MY SCIENCE PROJECT, 1985
Movie Reviews
Director: Jonathan R. Betuel
Starring: John Stockwell, Danielle von Zerneck, Fisher Stevens and Dennis Hopper
Review by Joseph Paul John McCarthy
SYNOPSIS:
Two high school students break into a military facility and discover a strange glowing orb which has the ability to warp time around it. Eventually their entire school is caught up in a time vortex where past, present and future collide.
REVIEW:
This is another film that I really wish I could’ve put higher on the Top 100 Time Travel movies list. I personally think it is better than the sequel to the ‘Butterfly Effect’, maybe not top forty material but very close.
Admittedly a lot of my love for this film comes from the nostalgia. It’s one of those mid-eighties films that takes you back to the pre-www days, where you had to wait for several minutes, sometimes up to half an hour, to load a video game and where special effects weren’t that special.
The plot is fairly simple and maybe that’s a good thing. An orb from a crashed alien vessel found by the US Military in 1957 is ordered, by President Dwight D. Eisenhower to be destroyed. The orb is placed in a military junkyard for future analysis. Over time the device was forgotten and became lost.
Years later Michael Harlan (John Stockwell) and geeky girl Ellie Sawyer (Danielle von Zerneck) break into a military junkyard to find a science project for Michael's class. Michael accidentally falls through a trap door into an old underground fallout shelter, and finds a strange glowing orb which, unknown to them, is the engine of a crashed UFO. Michael unknowingly activates the device while trying to clean it, throughout the film it is referred to as the "gizmo". It demonstrates strange properties, such as absorbing electricity from any nearby devices and weird spooky foggy SFX lights come out of it. After Michael and his friends plug it into a power source, it begins to materialize objects from other time periods.
When his science teacher (Dennis Hopper) experiments by plugging the orb directly into the power grid, it starts a chain reaction that warps the dimensions and time around it. Very quickly the entire school is being engulfed in a clash of the time periods and Michael and his mates Vince (Fisher Stevens) and Ellie are the only ones who can stop the space/time continuum from tearing apart.
This really is an enjoyable film while the dialogue is at times a bit cheesy and sometimes over complicated, the story itself is quite simple and easy to follow. In a funny way the same thing goes for the special effects, whilst they are a bit cheesy at times, they are simple and don’t get too much in the way of the storyline. Both of these can be forgiven their cheesiness as it was the 1980’s and films were cheesy then.
I liked to see Dennis Hopper play something other than a sinister villain, being an aging hippie teacher was an awesome role for him to play. Also special mention should go to Fisher Stevens, who has a character that he could have easily been pushed into cheesy city, but he plays the stereotypical 80’s teen radicle with just the right balance of cheese and cool.
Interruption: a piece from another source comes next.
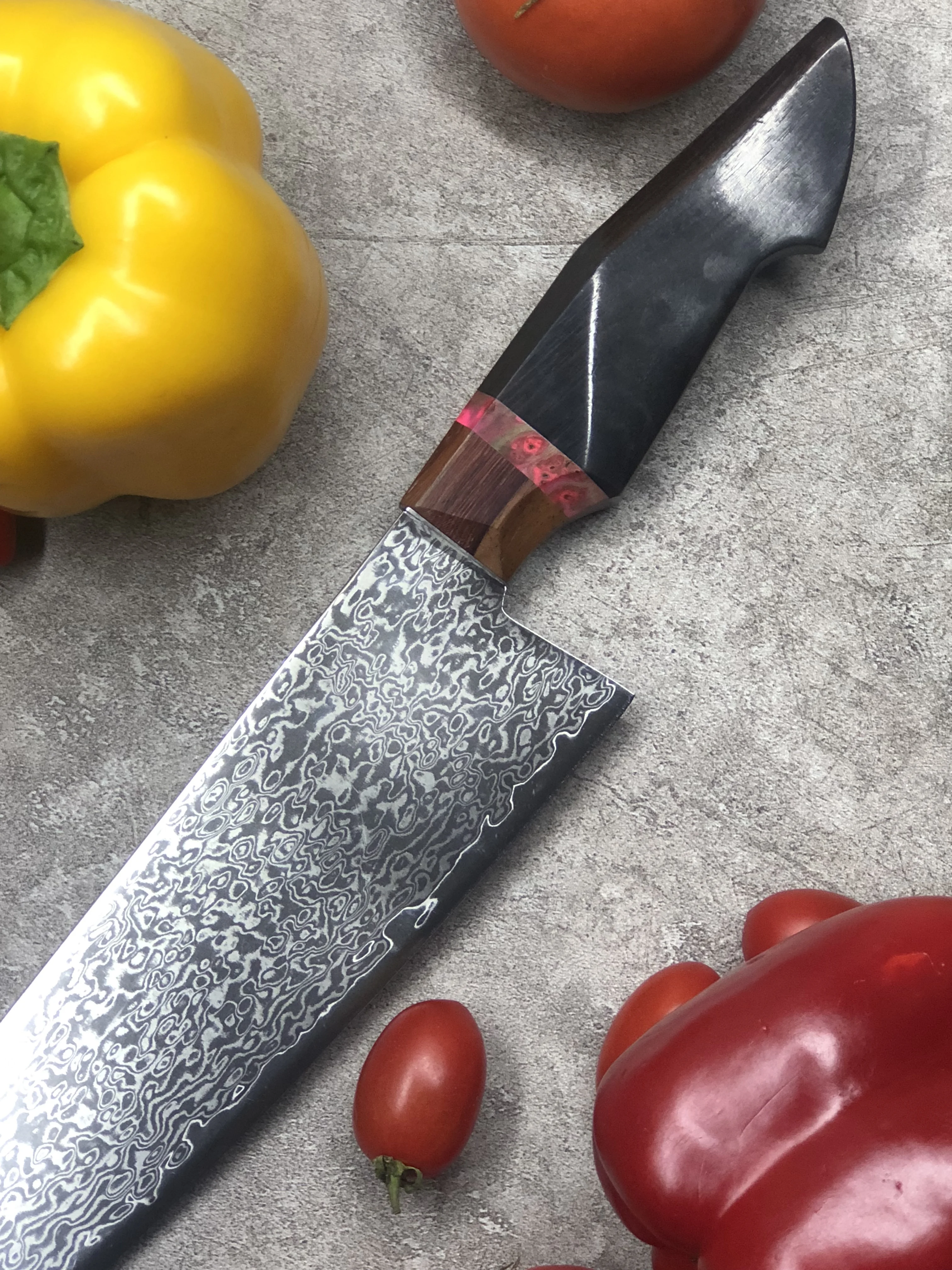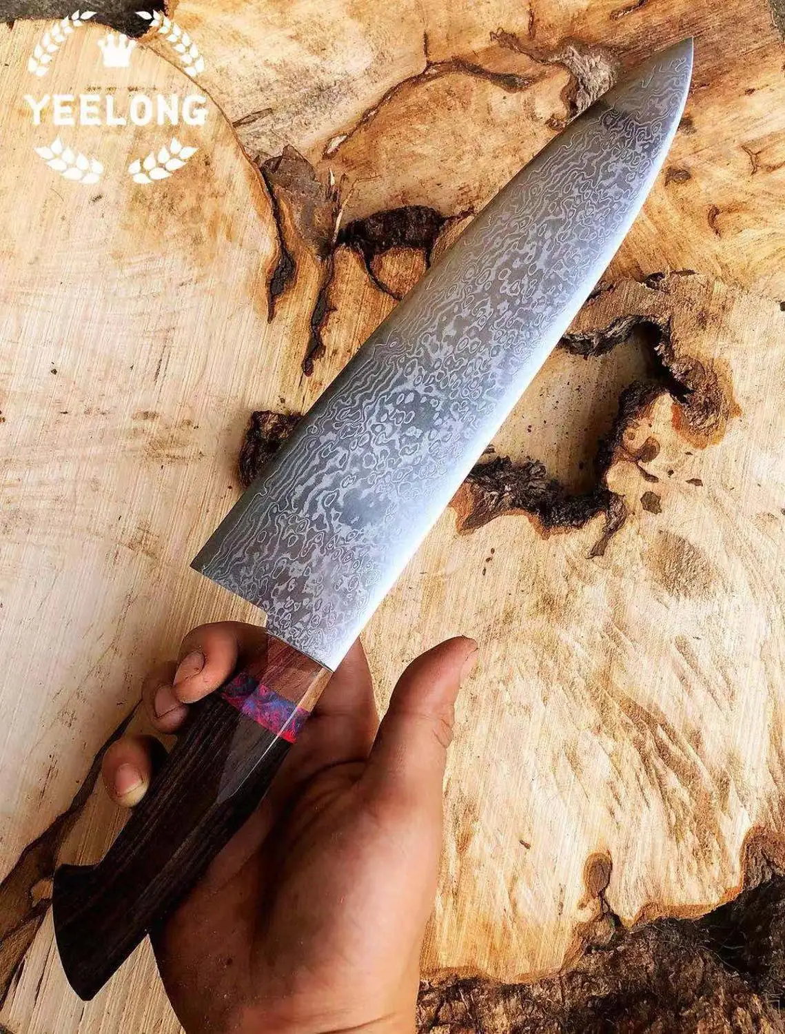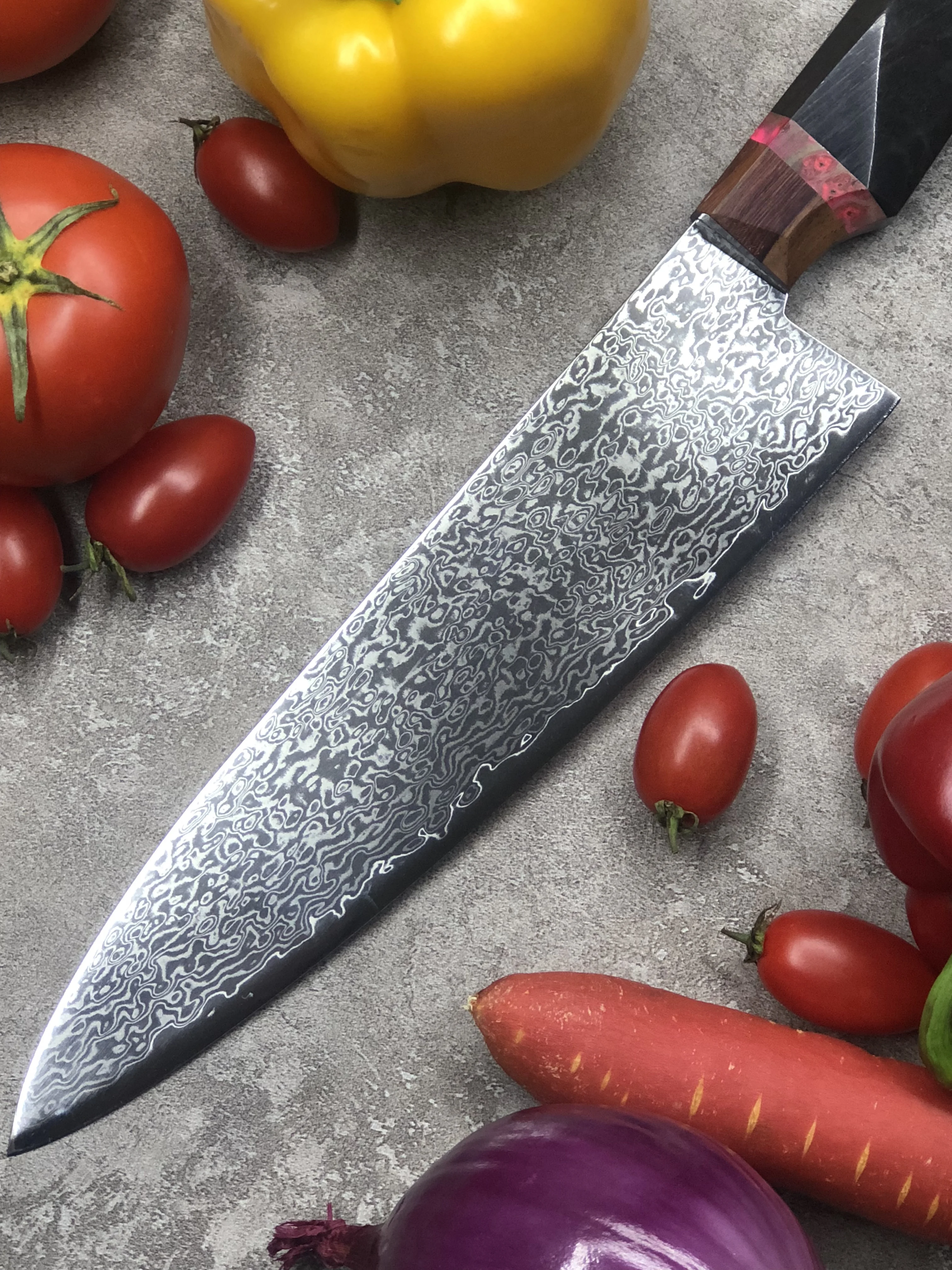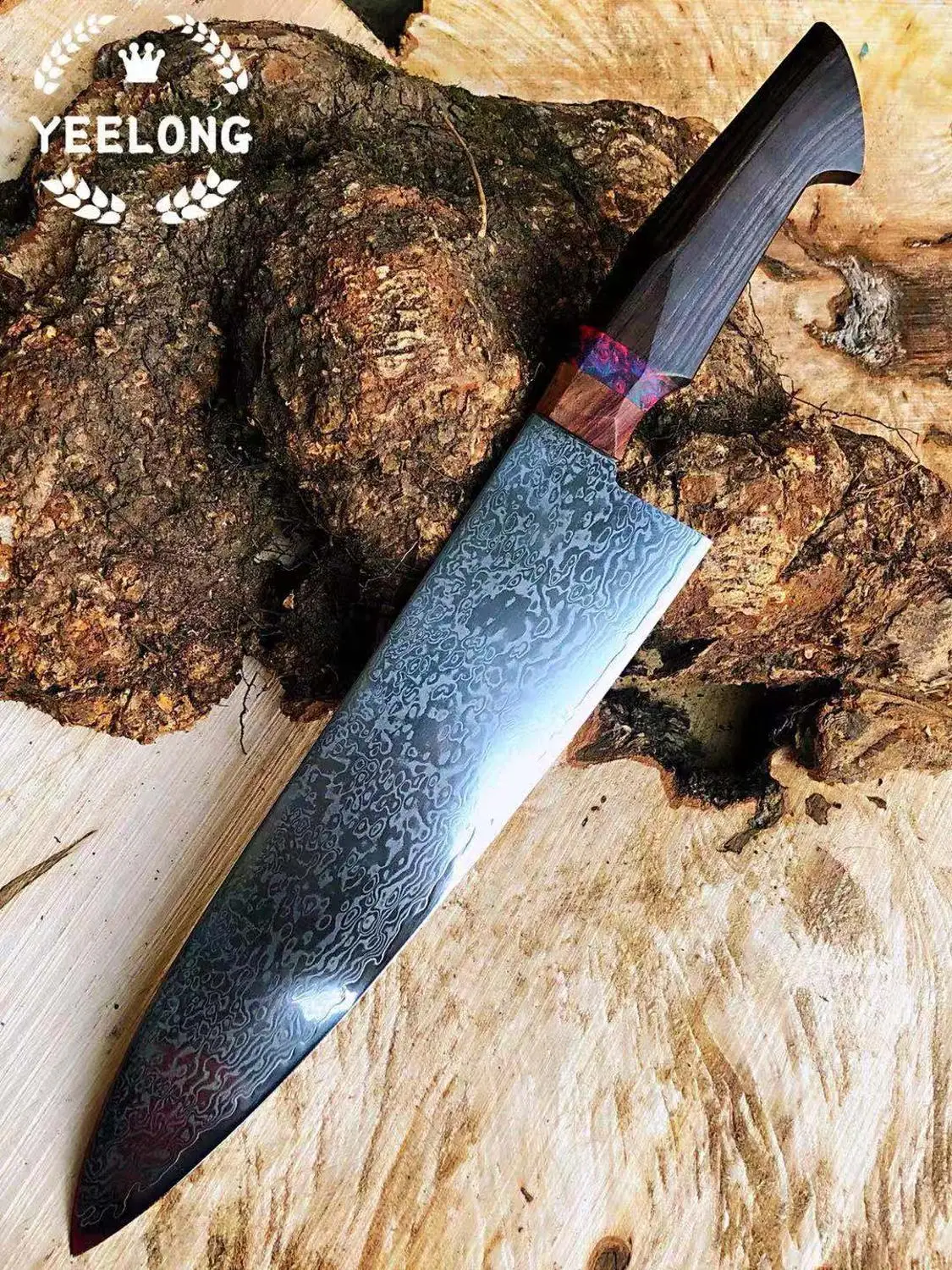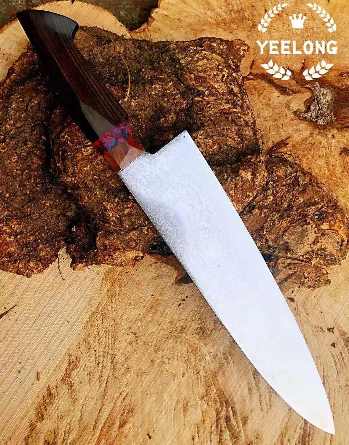 Damascus Séf Kés Japán Gyuto Konyhahús Cleaver Főző Eszköz Vg10 Core Rozsdamentes Acél Stabilizált Fa Fogantyúval

Ultimately though this film just came out at the wrong time, it came out in 1985 when there was just too much competition for it. It was competing with such sci-fi greats as ‘Ghostbusters’ and teen films like ‘Footloose’, both of which had just come out the previous year. To say nothing of the golden year for sci-fi and teen movies that 1985 was with films like; ‘The Goonies’, ‘Teen Wolf’ and ‘Back to the Future’. ‘My Science Project’ was always going to have to take a back seat.